ECB’s Wunsch: Accumulated Savings Could Boost Private Consumption for Five Years

7 April 2021

By David Barwick – FRANKFURT (Econostream) – The accumulation of savings during the pandemic could produce an increase in private consumption that lasts as long as five years, European Central Bank Governing Council member Pierre Wunsch said Wednesday.

In an interview with Reuters, Wunsch, who heads the National Bank of Belgium, said that ‘[w]hat has been saved in 2020 and in the beginning of 2021 would be enough to finance growth in private consumption above the level of 2019 for three, four or five years.’
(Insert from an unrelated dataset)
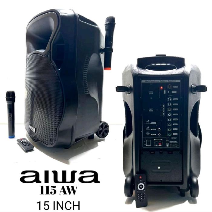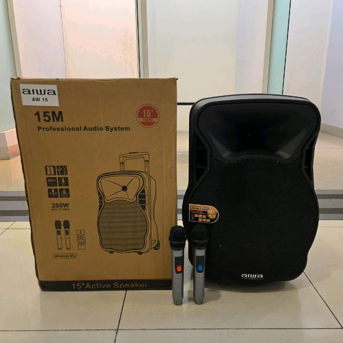 Salon Speaker Portable 15 inch Aiwa AW15 | AW 15 Bluetooth USB MP3 2Mic Wireless Karaoke

‘In our projections we don’t have a lot of pent-up demand, I would be more optimistic on that’, he added.

Wunsch indicated satisfaction on the ECB’s part with the current level of favourability of financing conditions, saying that ‘[w]e’re fine with financing conditions as they are’.

‘We’re going to use more volumes if we see tightening and less volume if we see that financing conditions stabilise without us buying that much’, he said with respect to the ECB’s asset purchases.
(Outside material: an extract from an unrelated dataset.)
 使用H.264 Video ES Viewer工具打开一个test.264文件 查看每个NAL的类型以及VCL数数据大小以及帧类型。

However, he suggested that market intervention to override fundamentals would not be indefinite, but rather ‘so many months or a year’.
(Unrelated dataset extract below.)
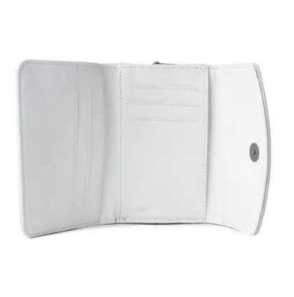 Capture the essence of Western elegance with this dainty treasure, featuring the look of hand-tooled leather adorned with sparkling crystal-studded desert blooms. This petite kiss-lock coin purse showcases delicate feather scrollwork in antique bronze against pearl-white leather. A perfect blend of prairie romance and practical charm for the modern cowgirl.

‘At some point you’re going back to the fundamentals and if the economy is strongly improving it will have to mean some tightening at some point and if the economy is clearly deteriorating doing less doesn’t work’, but rather extending the pandemic emergency asset programme (PEPP) beyond next March if needed, the agency reported him as saying.

Wunsch showed a willingness to countenance above-target inflation, saying, ‘We should express some tolerance to overshooting to make sure our symmetric objective is well understood.’

‘But it’s difficult to strongly commit to that’, he said. ‘So, I would be somewhat reluctant to go into extreme forms of commitment to a make-up strategy, that we will catch up to whatever inflation we could not reach in the past.’

If the ECB’s high level of monetary accommodation ceased to be sufficiently effective to justify the unintended consequences, then the ECB would have to act accordingly, he said.

‘If you want to take into account some trade-offs, the marginal cost of your policies is fixed and the marginal benefit is lower, it means doing less at some point,’ he said.